I first learnt that a sex worker had been slain mere metres away from my home by reading a small newspaper story. My fear was it was my friend but I had no way of knowing if it was the case. The story wasn’t followed up in days following and the corner nearby now known as Tracy’s corner was eerily vacant.

I decided to write my column for The Age that week asking why Jill Meagher’s murder, some year earlier, was still occupying news print when I still had no idea who the woman in my neighbourhood, who had been viscously stabbed to death and left in the broken down van she lived in, was.
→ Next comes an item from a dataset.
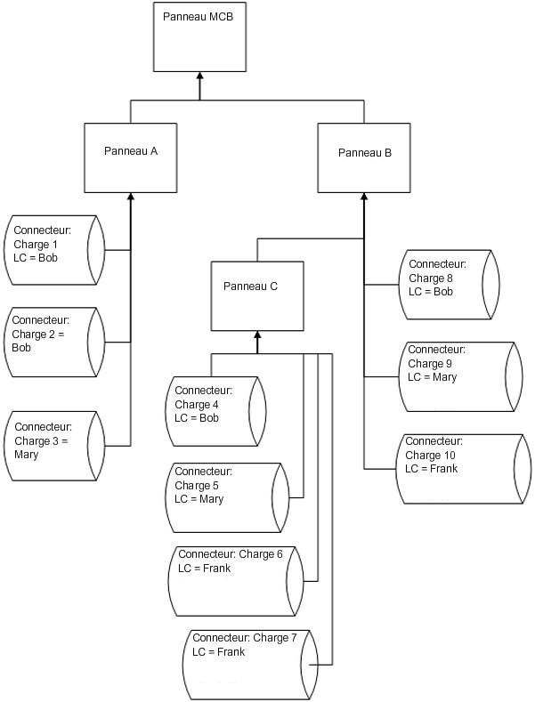 Demande de charge totale (Panneau MCB) = DFBob * (1+2+4+8) + DFMary * (3+5+9) + DFFrank * (6+7+10)
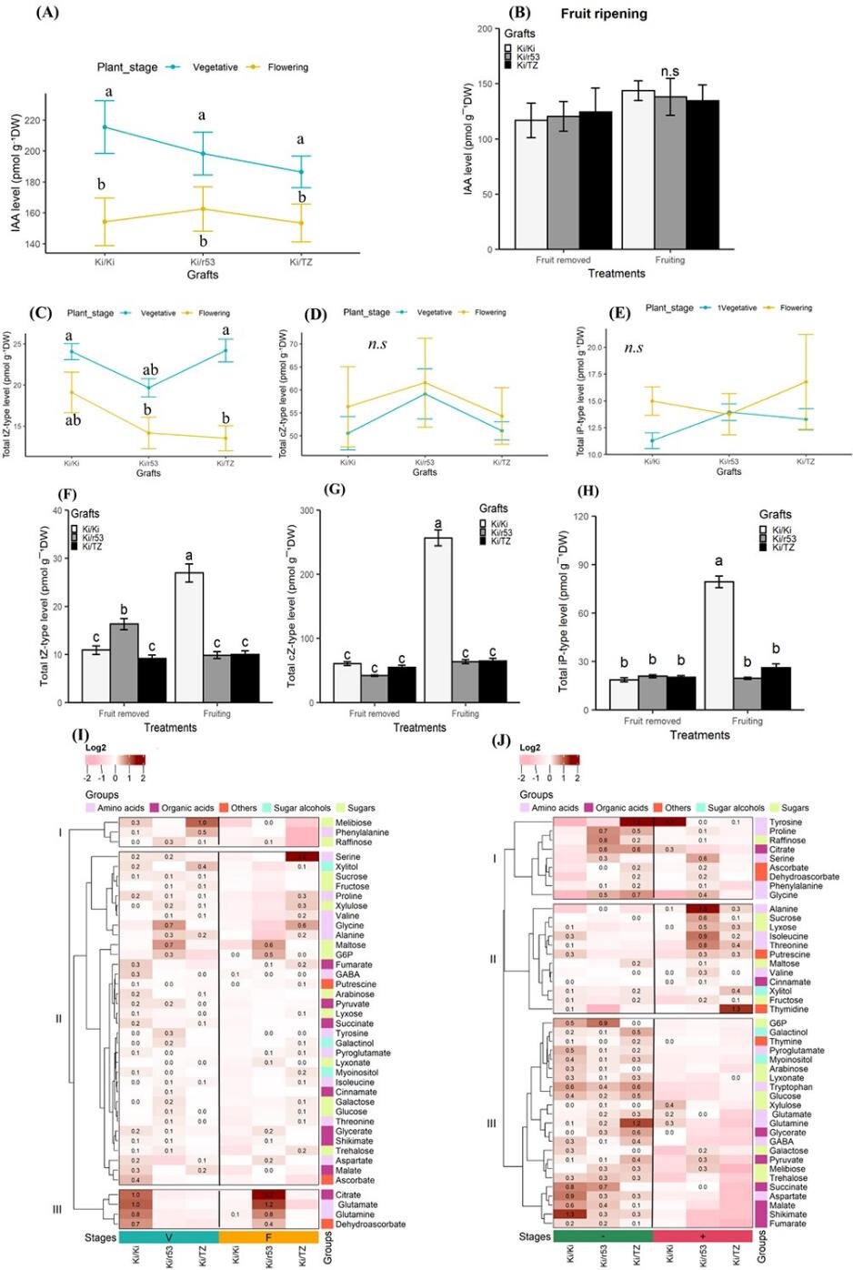 This suggested a disrupted hormone balance and potential blockage at the graft junction. Additionally, expression of the YUCCA gene, YUC2, YUC6, and YUC11 (required for auxin biosynthesis), the GRETCHEN-HAGEN3 gene (required for auxin conjugation), and the cytokinin oxidase/dehydrogenase 7 (CKX7) gene (which regulates the irreversible degradation of cytokinins) were enhanced in roots of incompatible combinations of plants during fruit ripening.

“Tracy’s corner was eerily vacant.”

I knew she was a sex worker – the only headlines of her murder screamed that fact – but which girl was it? And why was her occupation so important? Wasn’t she a woman at the end of the day? Didn’t I walk the same streets of St Kilda as she did? Would the headlines have mentioned my profession should I have been the victim of this crime? Could it be that because Tracy was a sex worker, she did not deserve the same public outrage as Jill Meagher? Surely not!

It seems I was not alone in asking these questions. At the same time my friend and fellow journalist Jane Gilmore was writing a similar story, which also received phenomenal response.

A groundswell formed and soon mainstream media came on board, TV and newspapers and with talkback radio, allowing the public to vent their horror and frustration that Tracy’s murder was being ignored.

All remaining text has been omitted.